_PROBLEM_
Take the lines from the one containing "Säljer en beige" through the final line below and restate them exactly. Omit the pictures.

_DATA BELOW_

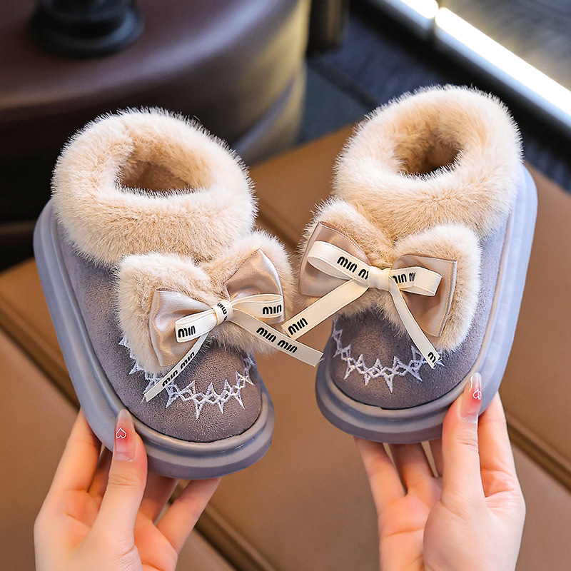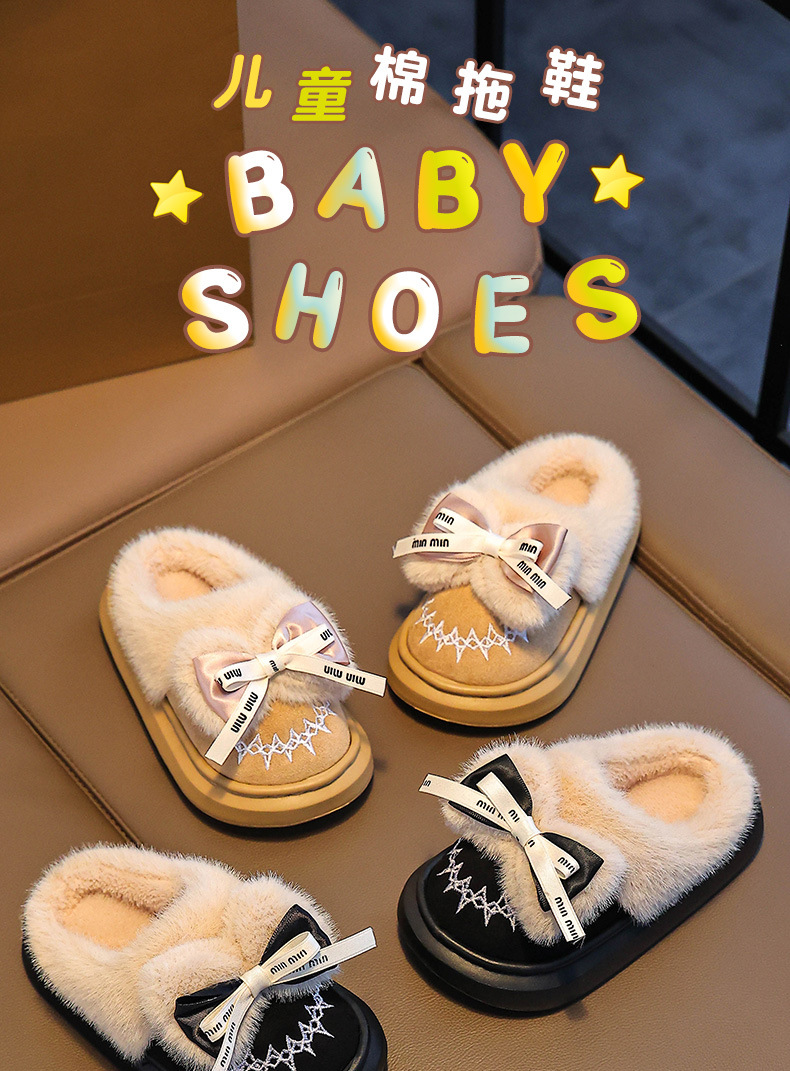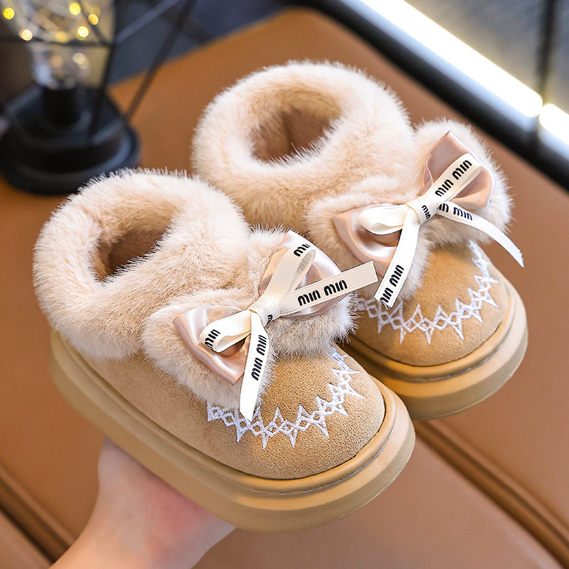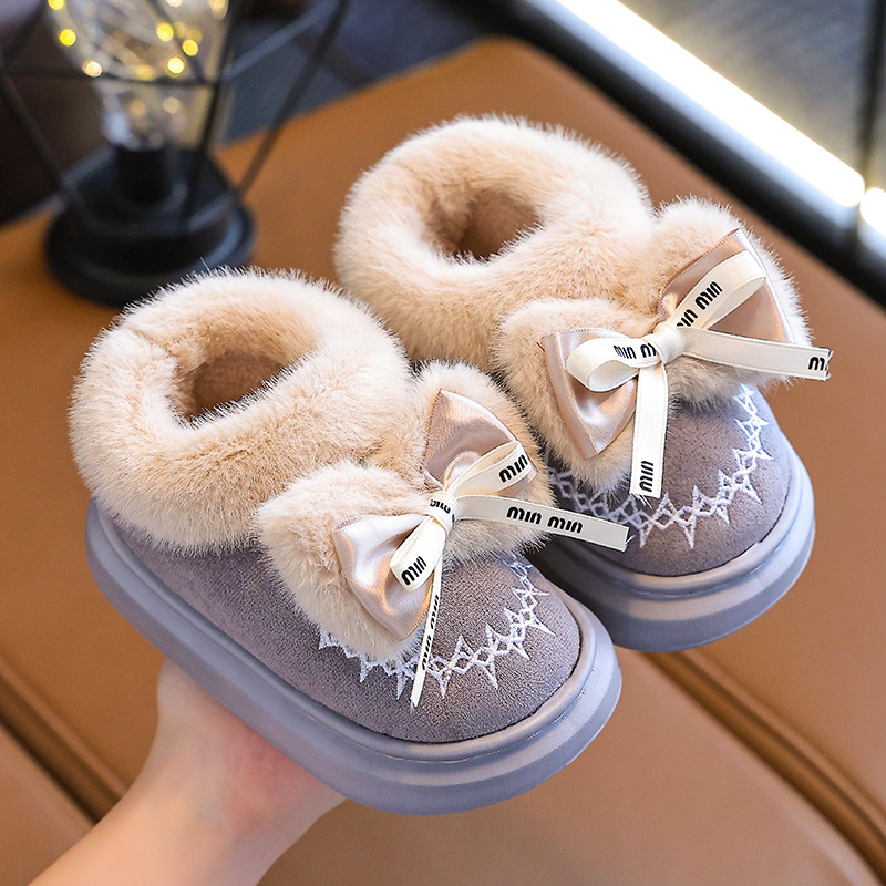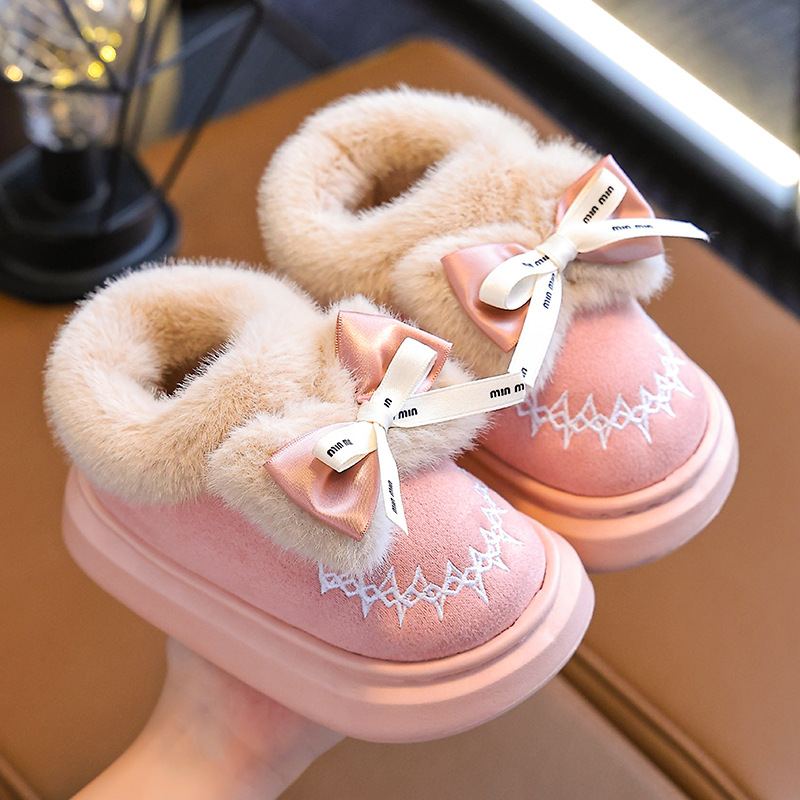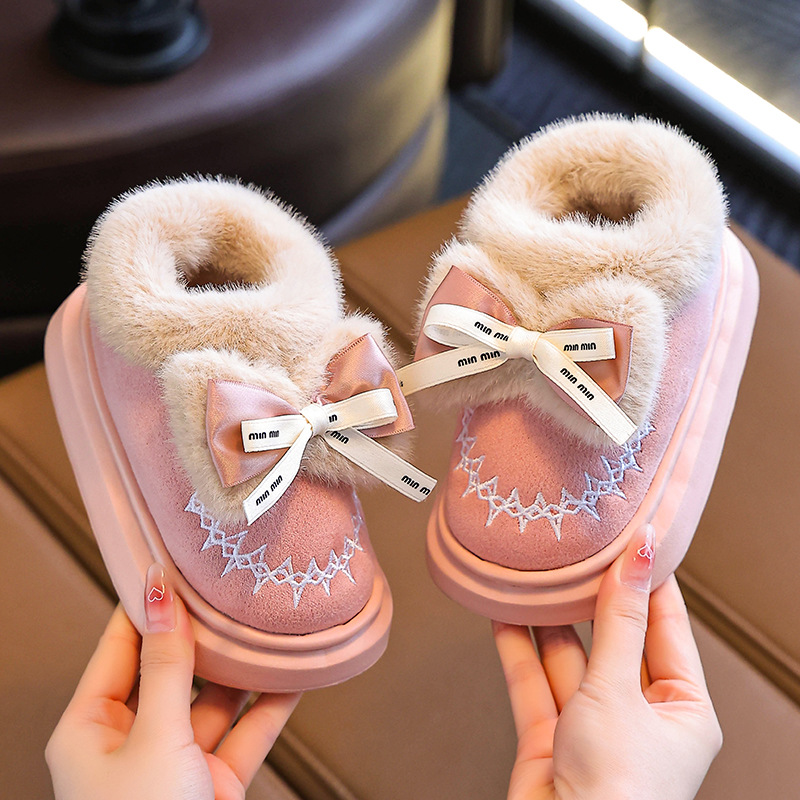 Новинка 2024 года, детская хлопковая обувь, зимние теплые домашние и уличные тапочки для девочек среднего и большого возраста, хлопковые тапочки для маленьких девочек
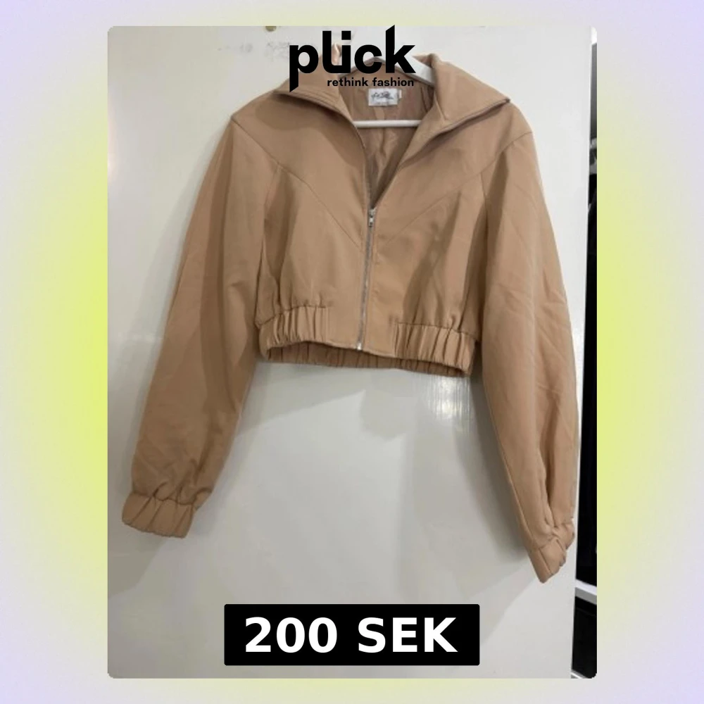 Säljer en beige croppad bomberjacka från Pretty Little Thing. Jackan har dragkedja framtill, bred krage och resår i midjan samt vid ärmsluten. Perfekt för dig som gillar en avslappnad men trendig look.
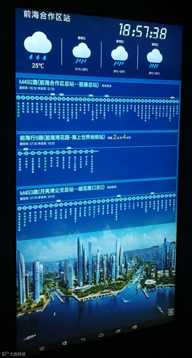 目前,经过前海合作区的公交线路为M492路、前海行8路、M453路,电子站牌上可以显示时间、天气情况,以及车辆的路线信息、到站信息,乘客可即刻获知所乘车辆的行驶位置以及到站时间,遇到上下班高峰期多辆车同时进站的情况,乘客无需在站台上张望、跑动查看后车是不是自己要坐的车,只要抬头看看电子站牌即可。
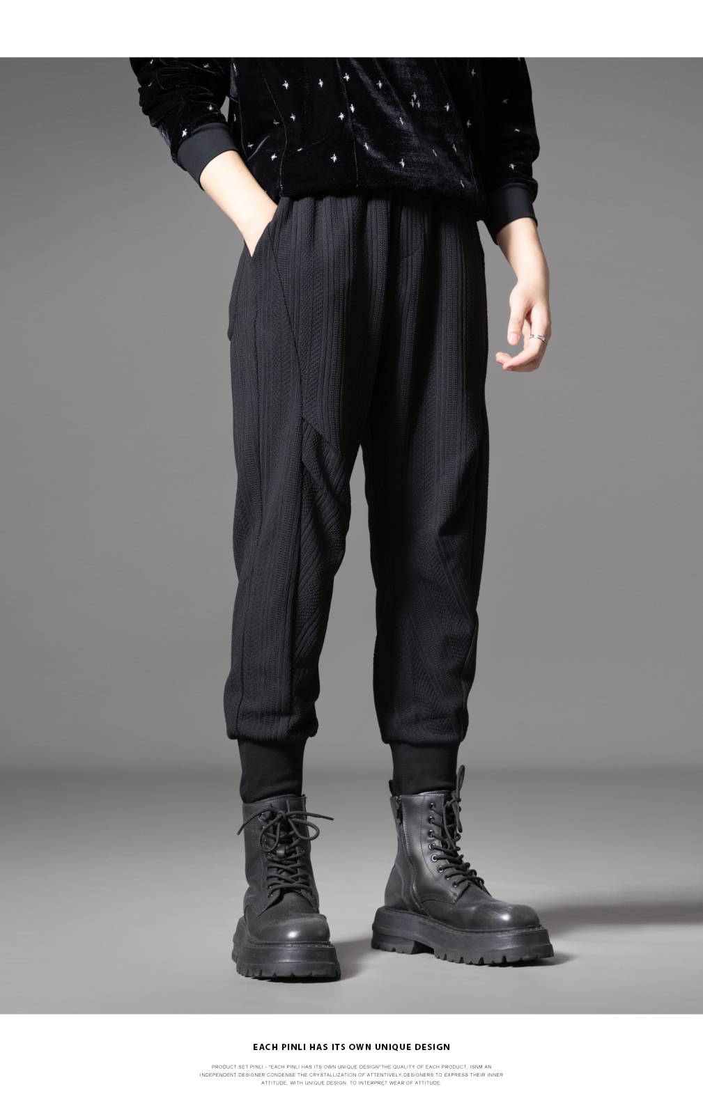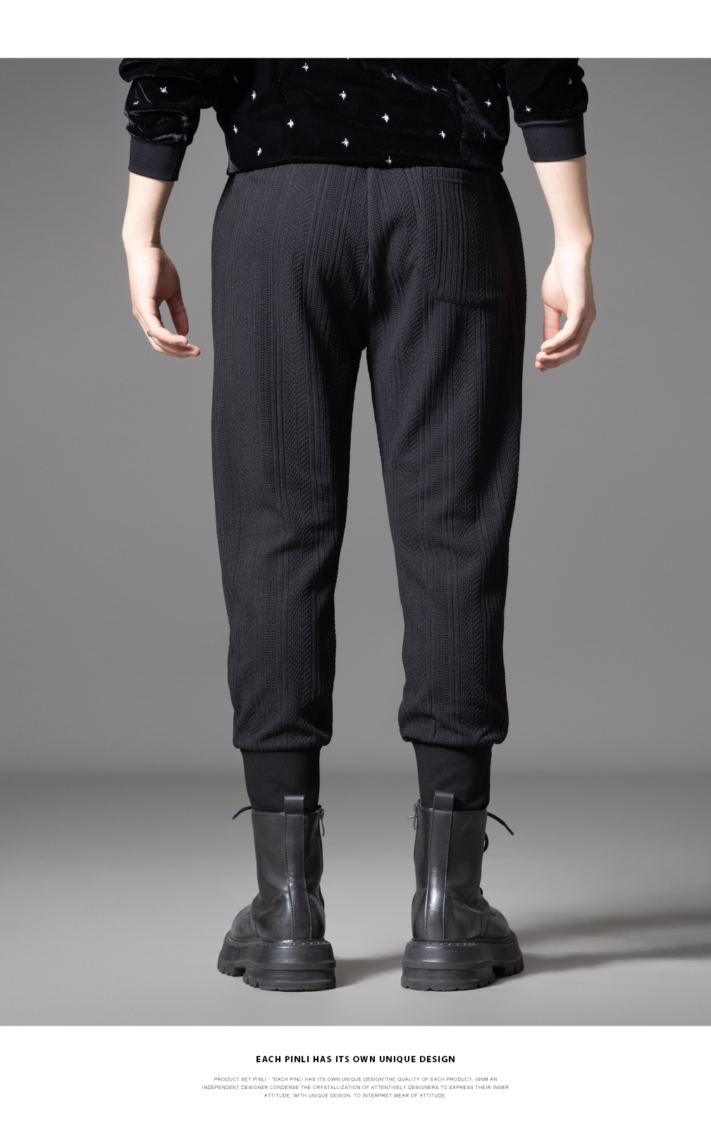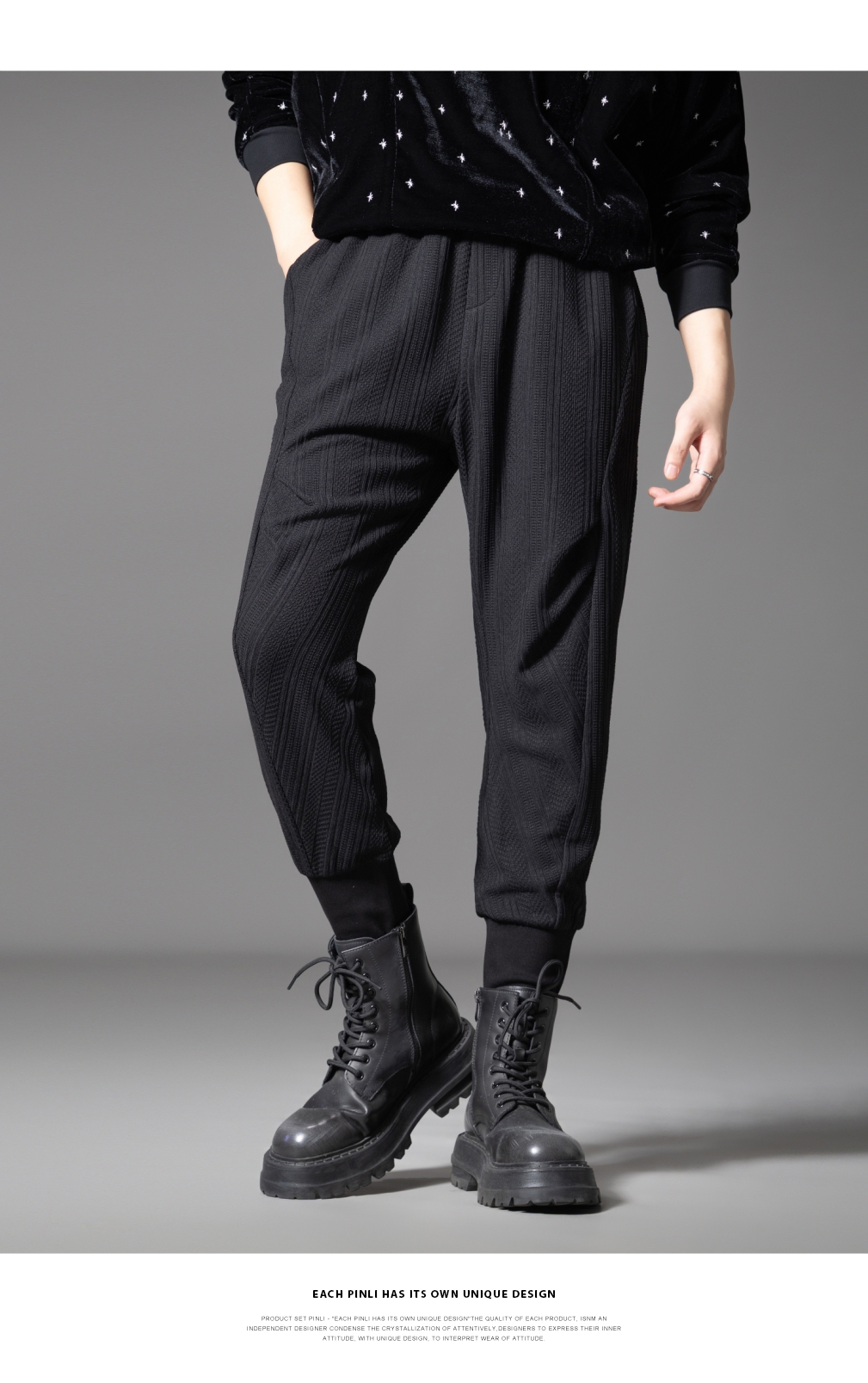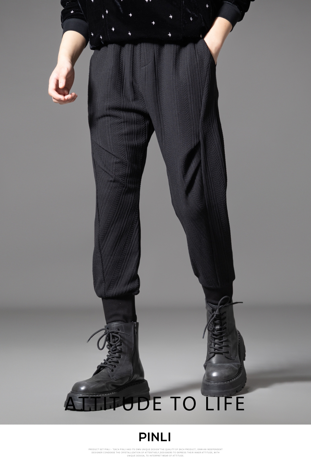 PINLI品立2025秋季新款松紧腰肌理针织提花束脚休闲长裤青年男裤B253117031

_PROBLEM SOLUTION_
 Säljer en beige croppad bomberjacka från Pretty Little Thing. Jackan har dragkedja framtill, bred krage och resår i midjan samt vid ärmsluten. Perfekt för dig som gillar en avslappnad men trendig look.
 目前,经过前海合作区的公交线路为M492路、前海行8路、M453路,电子站牌上可以显示时间、天气情况,以及车辆的路线信息、到站信息,乘客可即刻获知所乘车辆的行驶位置以及到站时间,遇到上下班高峰期多辆车同时进站的情况,乘客无需在站台上张望、跑动查看后车是不是自己要坐的车,只要抬头看看电子站牌即可。
 PINLI品立2025秋季新款松紧腰肌理针织提花束脚休闲长裤青年男裤B253117031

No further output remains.